Week 5: Tools & Function Calling - 1. Giving LLMs Hands

Tool calling lets a model request app code, receive results, and then answer the user.

Before You Read

Explain tool calling as a contract between the model and application code.
Separate model decision-making from deterministic tool execution.
Identify tasks that require tools instead of pure text generation.

Working Model

A tool-using model does not directly perform side effects. It proposes a structured tool call, your application validates and executes it, then the model uses the returned result to continue or answer.

By default, Large Language Models are "brains in a jar." They are trapped in a text box. They can generate brilliant poetry, write complex code, and reason through difficult problems, but they cannot do anything. They cannot check the current weather, query your production database, send an email, or book a flight.

To build true AI Agents, we need to give LLMs "hands." We do this through a mechanism called Function Calling (or Tool Use).

The Illusion of Execution

A common misconception is that when you give an LLM a tool, the LLM actually runs the code. This is false.

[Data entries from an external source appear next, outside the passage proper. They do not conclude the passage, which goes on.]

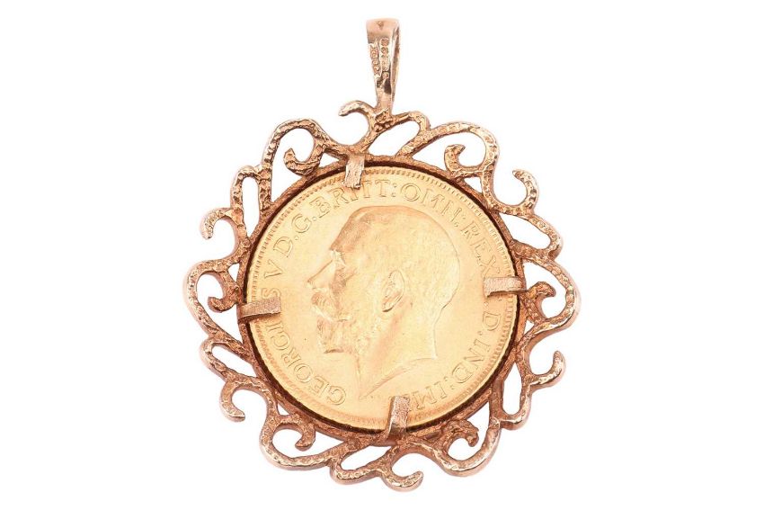 A George V 1913 full sovereign in a detachable cast scrolled pendant mount, with integral bail, in 9ct yellow gold, 12.6 grams.
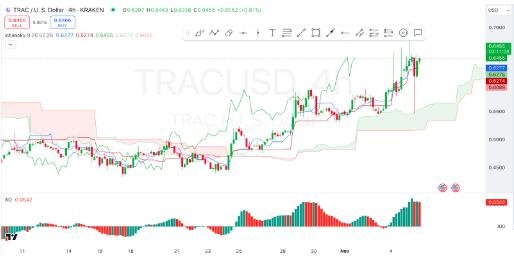另一方面,我们看到平均方向指数 (ADX) 位于 40.36,这是一个相对较高的水平,表明趋势强劲。高于 25 的数值通常表示趋势强劲,因此 40 的读数表明这种上升势头已经确立。只要价格保持在 50 日移动平均线 (SMA) 上方,趋势就会保持看涨。收盘价高于近期高点 0.6465 左右,可能预示着上升趋势的延续。如果价格未能保持在 50 日移动平均线 (SMA) 上方,并开始跌破 100 日移动平均线 (SMA),则可能预示着动能减弱,并可能出现趋势逆转。OriginTrail(TRAC)价格预测:Ichimoku Cloud
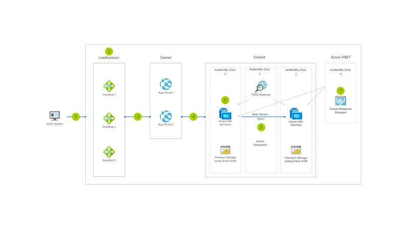 This solution architecture illustrates a canonical architecture to achieve high availability for your Oracle Database Enterprise Edition in Azure.

LLMs are text prediction engines; they cannot execute Python scripts or make HTTP requests. Instead, Function Calling is a clever protocol:

You tell the LLM what tools (functions) you have available in your application.
If the user asks a question that requires a tool, the LLM stops generating normal text.
Instead, it generates a structured JSON object containing the name of the tool to use and the arguments to pass to it.
Your application intercepts this JSON, runs the actual code locally, and hands the result back to the LLM.

The Paradigm Shift

Introduced natively in major model APIs in 2023, Function Calling fundamentally changed how we build AI applications.

Before Function Calling, developers had to use complex "prompt engineering" hacks (like the ReAct framework) to coax the LLM into outputting a specific string like Action: Search, Input: Weather in Tokyo, and then use fragile Regular Expressions to parse that string.

Now, models can be given explicit tool definitions and can return structured tool-call arguments matching a schema you define. Strict schema modes make this much more reliable, but your application should still validate every argument before executing code. This makes robust AI systems possible without pretending the model itself is deterministic.